The end of the last decade left the whole world with scars we are still recovering from. Amongst all affected, the AEC industry has taken a huge hit from the global pandemic, with projects across the globe still struggling to see a significant scope of revival. The cumulative impact of the supply chain, funding, and a global crisis has snowballed and left the industry in a state of stalled project sites with no clear prospects of growth. The industry status quo is making one thing evident – digitalisation of construction is becoming an absolute necessity!
The major impact of this global pandemic on the construction industry is the limitations offered by our existing practices. Our project workflows are primarily manual in nature, requiring a lot of physical involvement of teams. While execution does happen at the ground level, our supporting processes, which see the projects develop from design to handover, have significant scope in digitalisation.

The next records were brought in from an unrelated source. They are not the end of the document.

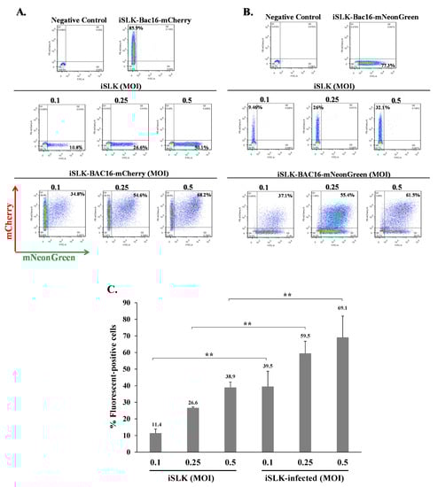 KSHV-infected iSLK cells can be superinfected and display enhanced expression of the fluorescent marker of the incoming virions. Naive iSLK cells and latently infected iSLK cells that carry (A) BAC16-mCherry or (B) BAC16-mNeonGreen were seeded in six-well plates (500,000 cells per well). The next day, the cells were infected with (A) BAC16-mNeonGreen or (B) BAC16-mCherry viruses at MOIs of 0.1, 0.25, and 0.5 using spinoculation. After 48 h, the cells were harvested, and the percentages of cells expressing mNeonGreen and mCherry were measured by FACS. (C) Percentage of cells expressing the fluorescent protein (mNeonGreen/mCherry) encoded by the incoming viral genome. iSLK—naive uninfected cells, iSLK-infected-latently iSLK-infected cells that were re-infected. Results show the average of three independent experiments. Statistical analysis was carried out using Tukey’s post hoc analysis test. ** p < 0.01. Naive uninfected iSLK cells were used as a negative control, while iSLK-BAC16-mCherry and iSLK-BAC16-mNeonGreen served as positive controls.
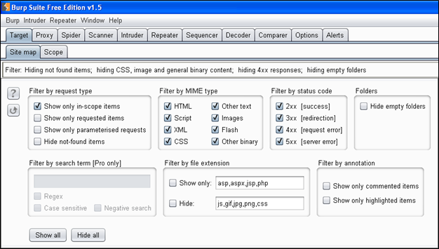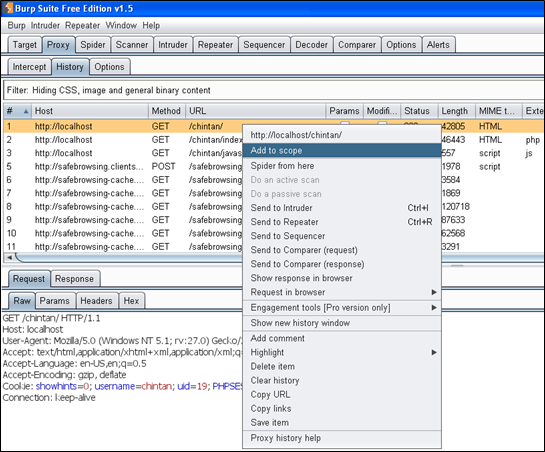 There are plenty of ways to gather information. However, people mostly follow Google, Recon-ng Framework, and other application security testing tools. I will list all the pages and folders of my target using the spider option in Burp Suite. To do that, go to history and check the first page you visited. Right click on that and select the option to add to the scope.
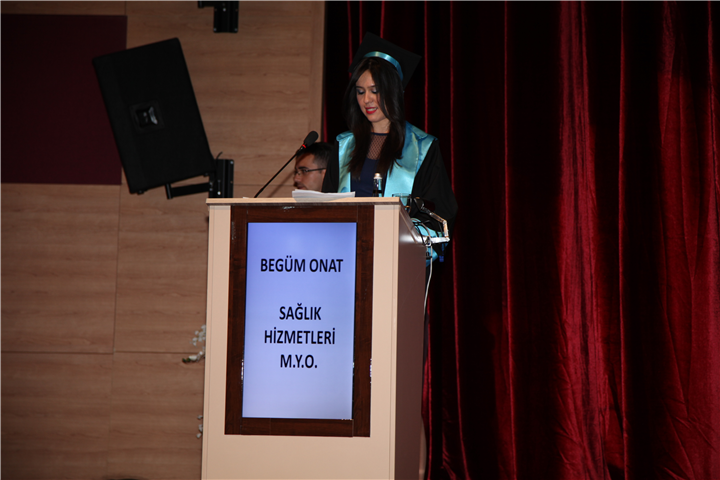 Sağlık Hizmetleri Meslek Yüksekokulu Birincisi Begüm ONAT konuşmasında şunları söyledi: “Bugün mezun oluyoruz. Bir bitse de kurtulsak derdik. İşte bitiyor. Ama biten yalnızca okul değil, içimizden de bir şeyler bitiyor. Omuz omuza, tek yürek olduğumuz arkadaşlarımız, hocalarımız artık ayrılık vakti geldi. Bu süreç için çok güzeldi desem az, çok yorucuydu desem hafif, nasıl başlamıştık desem duygusal olacak. Mustafa Kemal’in yıllar önce gönderdiği gibi birer kıvılcım olarak gidiyoruz ama elbette birer alev olarak döneceğiz. Emeği geçen, elimizden tutan tüm hocalarımıza ve hakları ödenmeyecek ailelerimize çok teşekkür ediyorum.”

The construction management process is plagued with wastes in the industry, which can be minimised significantly by introducing digital tools. There are tools for practically every aspect of construction, and every phase of construction project delivery.
Read more about the COVID outlook of the industry – reviewing the status quo here.
Digital Construction
There has been a lot of talks in the industry recently about digital construction, digitisation, digitalisation, modularisation, technological innovation, Construction 4.0, and so on. While you must have come across some of these, there is still a big question mark as to how one can take the first steps towards a digital approach to construction; and this question is becoming more and more relevant in this decade.
It is not that hard to imagine why; construction predominantly has always been looked at to be fragmented, ad-hoc, and chaotic, with constant firefighting at the site level. It is difficult to imagine a high level of dependency on technology when we are so used to counting on our teams for information, updates, reports, master plans, phase plans, execution plans, and so on.
Your teams are still the ones that need to do the work on-site, the same people need to design the project, get it ready for execution, develop it, and hand over it; the technology simply enables the development and execution of the projects for better.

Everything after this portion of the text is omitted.